With the rapid development of information technology, the data dimension and data volume of horse racing forecast data have grown rapidly. The increase in the scale of data and feature dimensions has led to the problem of large-scale data and dimensionality disasters during model training. Association rules and neural network algorithms with a strong ability to process nonlinear data have been widely concerned by experts and scholars. Based on the research of a large amount of data, this paper introduces association rules and neural network algorithms to establish a horse racing competition decision-making management optimization model. An example is used to simulate the regular season, and it is proved that the accuracy of this model is as high as 90%, the average predicted consumption is only 2.01 s, and the error rate is 0.12%. This system provides powerful means and tools for decision-makers to optimize management, an effective quantitative basis for making reasonable training management decisions and training programs, scientific comparisons for improving horse racing performance, and scientific predictions for public participation in horse racing.

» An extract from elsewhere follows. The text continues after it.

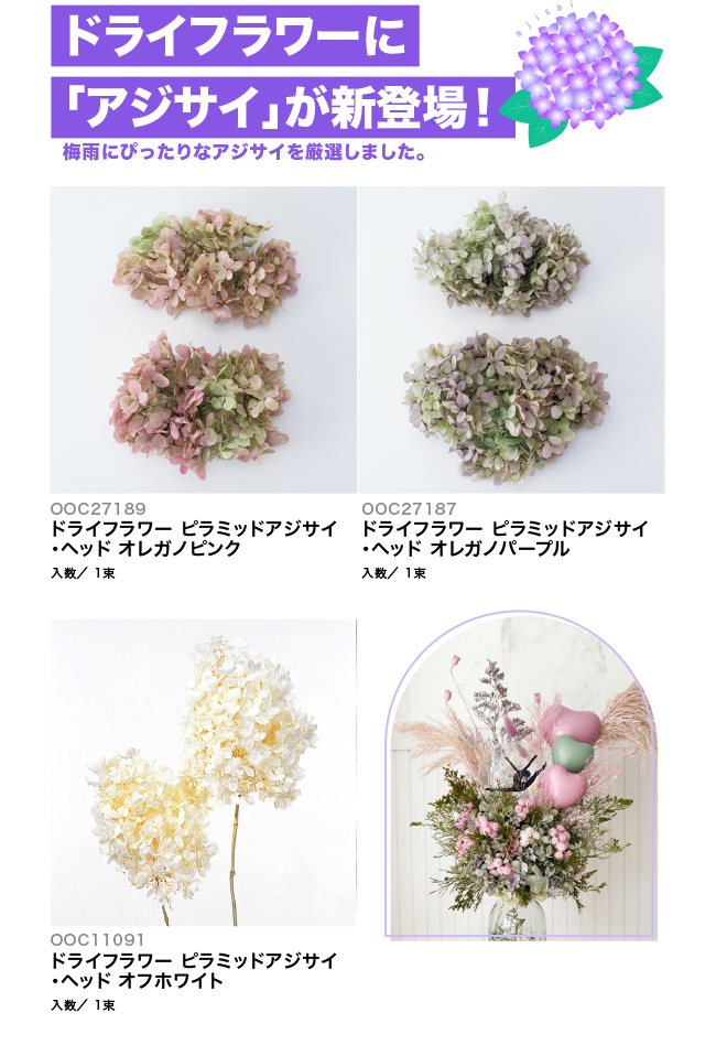 【新商品!】ドライフラワーに「アジサイ」が新登場!

At present, the system can operate normally, but the system still has some deficiencies, the function is not perfect, and the accuracy of the final prediction also needs a large amount of data to verify. The next step is to improve the existing system, continuously improve the association rules and neural network algorithms, and improve the accuracy of prediction.

Data Availability

The data used to support the findings of this study are available from the corresponding author upon request.

Conflicts of Interest

The author declares that there are no known competing financial interests or personal relationships that could have appeared to influence the work reported in this paper.

Acknowledgments

This work was supported by the Wuhan Equine Industry Development and Horse Racing Event Transformation and Upgrading Project (The Design and Implementation of China Horse Industry Information Management System), Project Number: WHSM-2019122401.